Libby Armus, cheerfulness replaced by a small, tight expression of worry, had moved over to the open taxi door. "Are you getting in back with me, Elsie dear?"
"I'm going to walk," Elsie said, taking my arm, "with Toby."
We were halfway down the block when a side gate opened in a wall alongside number 20 and Annick Perret hobbled out, talking over her shoulder to someone inside. As she saw us she waved and said in English, "Such a handsome couple!"
Both of us nodded and waved back, and then we turned the corner onto the dark and leafy rue de Furstemberg and Elsie dropped my arm like a sack. "I'm still mad at you," she said.
"It wasn't Solresol at all," I said, and took her arm back.
"Correcting my grammar." She stopped in the middle of the sidewalk, grinning, put a hand on each of my coat lapels, and studied my face. "Whether or not, Toby Keats. The Writing Boy!" she said, and kissed me so hard that, as Root would say, my socks rolled up and down.
She was wearing the same green raincoat she had worn the first time I saw her, and a darker green cloche that reached down to her forehead in the flapper fashion. The night mist sparkled on her face like jewels. I kissed her back, slowly, for perhaps a month and a half, and when we had both come up for air we started to walk again.

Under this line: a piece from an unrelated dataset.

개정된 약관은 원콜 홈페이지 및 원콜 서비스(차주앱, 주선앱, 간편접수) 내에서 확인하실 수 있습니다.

"There was probably never a code," I heard myself saying as we turned another corner. "Either Vaucanson or Foucault—or both of them—just set up a machine to write out in plain French where the money was—"
"And wherever the money was," Elsie said excitedly, "that would be where the Bleeding Man was, too. Because he kept it all hidden, everything was hidden from the tax collectors and the Church."

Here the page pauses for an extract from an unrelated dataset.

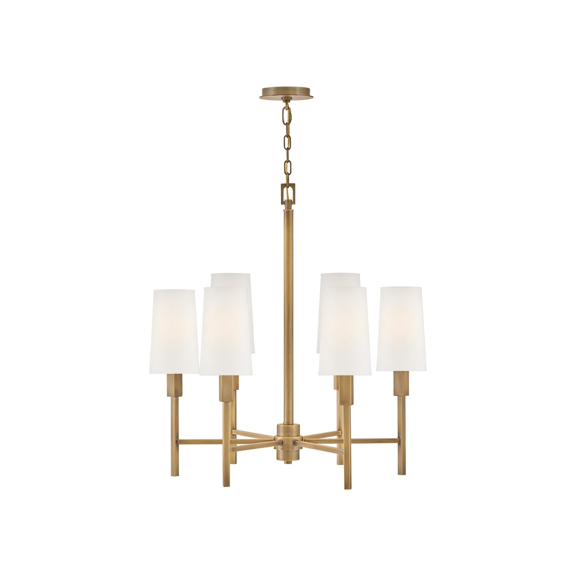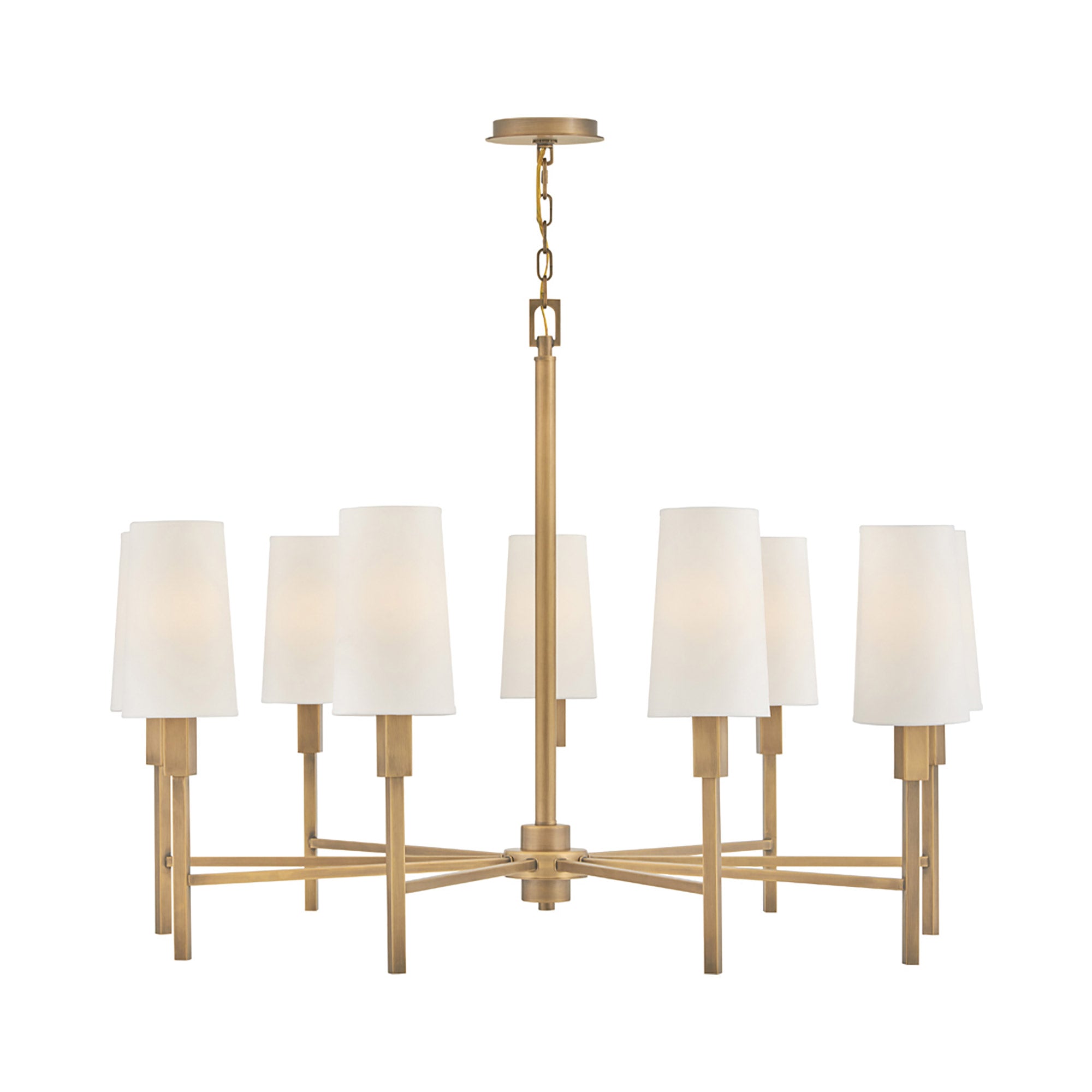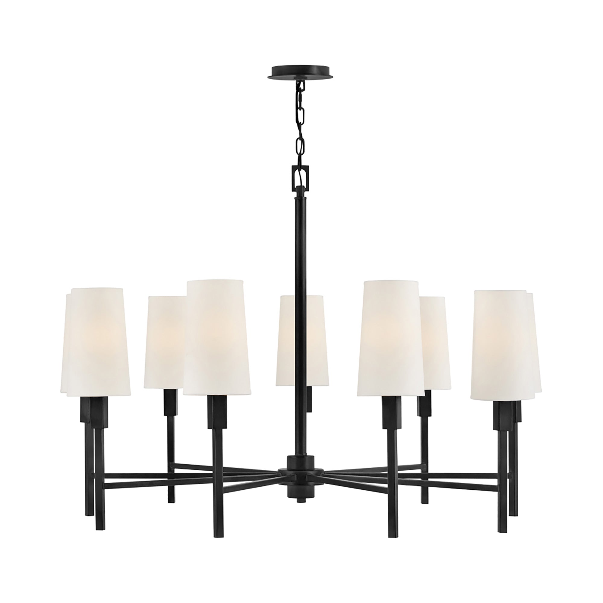 Embrace a bit of tradition as you update a custom space with lighting working its way into a design scheme. Shaded lamps surround metal framing as the Fenwick Chandelier from Hinkley plays on proportionality and simplicity, weaving the two together with metal framing and natural paper shades.

"Where it was, where it is now."
"Don't you dare correct my grammar."
We debouched on the rue de Buci, which had an open-air vegetable market three days a week.

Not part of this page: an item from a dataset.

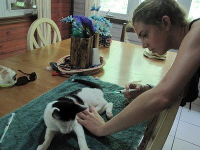 Give a cat a needle.
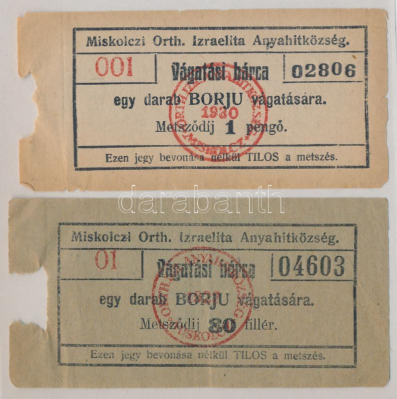 1930. 1P + 80f "Miskolczi Orth. Izr. Hitközség" vágatási bárca T:III

"And the secret location," I said as we picked our way between the empty stalls, "was kept in the Duck."
"Which Angélique-Victoire inherited—"
Elsie stopped and frowned at the boulevard Saint-Germain just ahead. "This isn't the way to the Armus's apartment."
"No."
"It's the way to the rue du Dragon."
"Yes."
"Are you leading me astray, Toby Keats?"
"I certainly hope so," I said, taking her arm again.
We turned and walked west, leaning into the wind. We passed a Métro sign and the wolf-gray stone haunch of the Saint-Germain Church. The Flore was almost empty, the Deux Magots was closed, and most of the side streets looked deserted. We crossed over and turned south on the rue du Dragon.
"I don't even know," Elsie said, shivering as the wind began to nibble and bite, "where Neuchâtel is."
"It's in Switzerland, on the Lake of Neuchâtel. Population about four thousand. It's five hours away by train."
"It might not be," she used her warning voice again, "the right automate, you know. The cams might not fit, or they may be too old and damaged. And there still might be no Bleeding Man after all."
For an instant, for the single pulse of a thought, I wanted to say there was always a Bleeding Man. Poor maudlin Toby.
"Did you really tell that old lady," Elsie said, "that I was your petite amie?"
"I did. I told her you were one half of a handsome couple."
"Root says there were camp followers in the war, all of you soldiers had mistresses."
"Not me," I said, turning and holding her at arm's length so that I could see the red spots of cold the wind had rubbed on her cheeks. I was about to make a joke to avoid the subject of the war, as usual—camp followers were off-limits, Hors de Combat. But I was fumbling at the same time in my pocket for a key and distracted, because something was not quite right. Ordinarily Madame Serboff locked the door to the building at eleven and went to bed. After that, to get in you had to ring her bell and wait on the sidewalk, stamping your feet and blowing on your fingers in the dark, until she had lit a cigarette and put on her pink flannel robe and floppy slippers and come shuffling and muttering out to the front. But given the strange hours of the newspaper business I had my own key.
"Toby?"
"Take your hand out of your pocket, Mr. Keats."
I turned around slowly, fingers curled and tingling, and saw the small piggish black eyes and white jowls of Henri Saulnay, long expected, long forgotten. I felt something round and hard jam into my back.
"My nephew Johannes is behind you," Saulnay said. "He's armed and unpredictable. Come this way, both of you."
Elsie started to pull me away. Saulnay reached over and slapped her once and then stepped back, and Johannes showed her the gun.
"I'll yell," she said, staring at the gun.
"And he'll shoot," Saulnay told her, "your friend."
I saw her face, white and frightened under the cloche, then Johannes pushed me hard toward the door.
There was a main entrance to the building, and a lower entrance under the steps, where the dustbins were kept. We went down the steps and into a narrow passageway, past the coal chute and the gently hissing boiler that in theory supplied the rooms with heat. It was only two feet below street level, with narrow windows at sidewalk level, and both Saulnay in the front and Johannes behind us had flashlights, so that we weren't really underground or in the dark, but even with all that I stumbled and my hands began to shake.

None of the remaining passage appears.